Luciano de Castro Campos RELATÓRIO Trata-se de Apelação Cível interposta por MARIA FERNANDA LOPES ALVES em face de sentença (ID 43871617) que, nos autos da ação de indenização, o MM.
Juízo julgou improcedentes os pedidos autorais, e condenou a autora no pagamento das custas e honorários em 10% sobre valor da causa, suspensa exigibilidade em razão da gratuidade.
Narra a autora que no dia 27 de janeiro de 2022, compareceu no laboratório do réu, para realização do exame Beta HCG, em que foi feita a coleta; e no dita 28 subsequente, saiu o resultado do exame em que constava que a autora não estava gravida.
Aduz que, em razão de fortes dores que sentia, procurou um posto de saúde, ocasião em que a médica, diante do resultado negativo de gestação, entendeu que poderiam ser cistos no ovário, e prescreveu várias medicações, inclusive o uso de anticoncepcional (Norestin), a fim de inibir crescimento de cistos; porém, totalmente contra indicado para gestantes.
Alega ainda, que ao fazer o exame endo-vaginal, descobriu que estava com 21 (vinte e uma) semanas de gestação.
Ao final, pugnou pela condenação do réu no pagamento de indenização a título de danos morais.
Na contestação, o réu se defende, argumentando que a ocorrência de resultado negativo no exame BETA HCG não motiva reparação de dano moral à paciente, alegando que o referido exame é apenas um indicativo de que possivelmente há ou não gravidez, não ensejando confiabilidade absoluta.
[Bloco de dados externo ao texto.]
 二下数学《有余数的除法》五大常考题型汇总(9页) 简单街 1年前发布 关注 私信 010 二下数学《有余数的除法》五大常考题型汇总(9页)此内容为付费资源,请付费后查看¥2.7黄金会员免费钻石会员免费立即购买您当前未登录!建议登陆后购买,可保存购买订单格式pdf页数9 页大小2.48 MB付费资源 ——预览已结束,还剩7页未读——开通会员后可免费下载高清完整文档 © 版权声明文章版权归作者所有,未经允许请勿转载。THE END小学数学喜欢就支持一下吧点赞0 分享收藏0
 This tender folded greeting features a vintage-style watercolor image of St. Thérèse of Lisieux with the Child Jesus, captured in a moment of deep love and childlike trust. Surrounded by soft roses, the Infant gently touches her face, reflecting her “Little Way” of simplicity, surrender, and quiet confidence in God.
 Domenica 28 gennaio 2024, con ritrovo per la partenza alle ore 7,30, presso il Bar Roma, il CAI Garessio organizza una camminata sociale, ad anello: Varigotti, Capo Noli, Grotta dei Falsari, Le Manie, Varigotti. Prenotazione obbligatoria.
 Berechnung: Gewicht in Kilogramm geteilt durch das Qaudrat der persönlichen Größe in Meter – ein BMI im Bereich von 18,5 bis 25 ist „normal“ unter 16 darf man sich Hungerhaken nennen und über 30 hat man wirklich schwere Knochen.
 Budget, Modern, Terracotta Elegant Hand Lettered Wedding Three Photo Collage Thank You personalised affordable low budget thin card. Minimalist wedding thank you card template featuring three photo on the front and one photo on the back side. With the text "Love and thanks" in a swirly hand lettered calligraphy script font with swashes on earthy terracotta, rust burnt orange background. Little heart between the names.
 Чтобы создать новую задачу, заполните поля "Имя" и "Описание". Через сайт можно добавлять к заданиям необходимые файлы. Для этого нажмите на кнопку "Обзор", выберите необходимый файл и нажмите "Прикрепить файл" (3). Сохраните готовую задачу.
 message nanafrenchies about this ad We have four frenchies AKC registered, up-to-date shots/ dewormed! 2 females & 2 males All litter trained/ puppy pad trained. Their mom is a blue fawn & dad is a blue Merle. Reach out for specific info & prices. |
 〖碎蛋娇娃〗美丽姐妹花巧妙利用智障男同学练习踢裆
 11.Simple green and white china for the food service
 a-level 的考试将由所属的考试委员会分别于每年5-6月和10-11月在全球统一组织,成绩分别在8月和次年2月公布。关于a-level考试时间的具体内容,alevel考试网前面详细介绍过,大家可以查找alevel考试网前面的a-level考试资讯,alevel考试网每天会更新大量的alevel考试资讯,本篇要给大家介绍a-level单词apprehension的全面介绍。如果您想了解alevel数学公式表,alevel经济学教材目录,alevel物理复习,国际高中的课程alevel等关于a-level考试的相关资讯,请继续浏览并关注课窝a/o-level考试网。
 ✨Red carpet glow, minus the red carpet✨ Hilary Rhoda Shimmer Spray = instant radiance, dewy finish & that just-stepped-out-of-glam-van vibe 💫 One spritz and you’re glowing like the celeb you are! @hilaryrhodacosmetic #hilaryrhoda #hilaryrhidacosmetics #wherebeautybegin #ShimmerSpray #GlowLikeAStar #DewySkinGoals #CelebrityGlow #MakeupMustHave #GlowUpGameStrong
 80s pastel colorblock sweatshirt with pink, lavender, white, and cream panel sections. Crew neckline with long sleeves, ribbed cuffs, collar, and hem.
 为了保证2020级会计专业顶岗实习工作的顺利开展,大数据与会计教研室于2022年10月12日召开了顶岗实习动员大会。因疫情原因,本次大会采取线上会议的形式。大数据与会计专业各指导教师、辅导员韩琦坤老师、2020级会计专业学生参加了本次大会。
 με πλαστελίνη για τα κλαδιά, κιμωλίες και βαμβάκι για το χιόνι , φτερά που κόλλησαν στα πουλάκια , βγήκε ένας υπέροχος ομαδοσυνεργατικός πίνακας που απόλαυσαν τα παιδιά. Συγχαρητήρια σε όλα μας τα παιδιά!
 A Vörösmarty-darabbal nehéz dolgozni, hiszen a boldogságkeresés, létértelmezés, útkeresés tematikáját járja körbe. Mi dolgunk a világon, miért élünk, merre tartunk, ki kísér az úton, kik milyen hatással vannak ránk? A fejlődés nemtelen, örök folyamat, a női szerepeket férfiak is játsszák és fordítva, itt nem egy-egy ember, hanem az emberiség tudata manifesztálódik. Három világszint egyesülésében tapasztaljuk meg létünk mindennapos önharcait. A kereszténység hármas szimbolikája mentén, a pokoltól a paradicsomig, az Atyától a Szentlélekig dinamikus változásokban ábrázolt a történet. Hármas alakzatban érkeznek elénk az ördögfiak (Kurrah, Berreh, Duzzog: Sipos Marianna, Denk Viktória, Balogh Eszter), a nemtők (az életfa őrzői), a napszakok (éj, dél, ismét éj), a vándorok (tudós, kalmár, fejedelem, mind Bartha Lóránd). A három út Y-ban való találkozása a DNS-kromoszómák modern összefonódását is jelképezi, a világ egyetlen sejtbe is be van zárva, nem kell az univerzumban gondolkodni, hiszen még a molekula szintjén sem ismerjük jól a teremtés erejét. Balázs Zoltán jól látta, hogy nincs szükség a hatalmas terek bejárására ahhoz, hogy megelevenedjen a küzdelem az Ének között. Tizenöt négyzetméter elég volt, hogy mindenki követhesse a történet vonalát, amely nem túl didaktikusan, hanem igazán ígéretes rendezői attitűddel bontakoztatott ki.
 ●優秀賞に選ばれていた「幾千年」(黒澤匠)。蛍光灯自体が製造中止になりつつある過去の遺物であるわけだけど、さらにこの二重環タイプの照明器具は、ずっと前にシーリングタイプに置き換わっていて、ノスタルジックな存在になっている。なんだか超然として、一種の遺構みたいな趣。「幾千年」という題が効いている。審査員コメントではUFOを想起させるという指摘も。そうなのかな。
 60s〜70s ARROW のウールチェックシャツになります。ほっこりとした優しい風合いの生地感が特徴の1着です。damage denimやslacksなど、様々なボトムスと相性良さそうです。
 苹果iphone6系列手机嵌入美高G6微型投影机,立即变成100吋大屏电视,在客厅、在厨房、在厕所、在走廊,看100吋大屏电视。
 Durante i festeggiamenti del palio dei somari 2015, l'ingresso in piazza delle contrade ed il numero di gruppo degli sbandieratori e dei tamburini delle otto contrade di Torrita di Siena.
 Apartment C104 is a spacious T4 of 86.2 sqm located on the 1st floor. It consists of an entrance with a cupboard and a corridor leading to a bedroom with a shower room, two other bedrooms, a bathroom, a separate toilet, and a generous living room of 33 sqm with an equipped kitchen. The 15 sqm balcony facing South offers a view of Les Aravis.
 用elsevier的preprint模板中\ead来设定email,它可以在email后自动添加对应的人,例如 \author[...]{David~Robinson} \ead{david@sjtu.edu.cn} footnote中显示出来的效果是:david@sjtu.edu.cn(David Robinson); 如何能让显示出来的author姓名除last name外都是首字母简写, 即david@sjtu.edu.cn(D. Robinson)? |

No termo sentencial, o juiz julgou improcedentes os pedidos e condenou a parte autora no pagamento de custas e honorários no percentual de 10% (Dez por cento) sobre o valor da causa, suspensos em razão da gratuidade.
Em suas razões recursais (ID 43871622), a parte autora, requer a reforma da sentença alegando que decorrente do resultado do exame, passou a tomar medicamento e garrafadas de ervas medicinais todas contraindicadas para mulheres grávidas.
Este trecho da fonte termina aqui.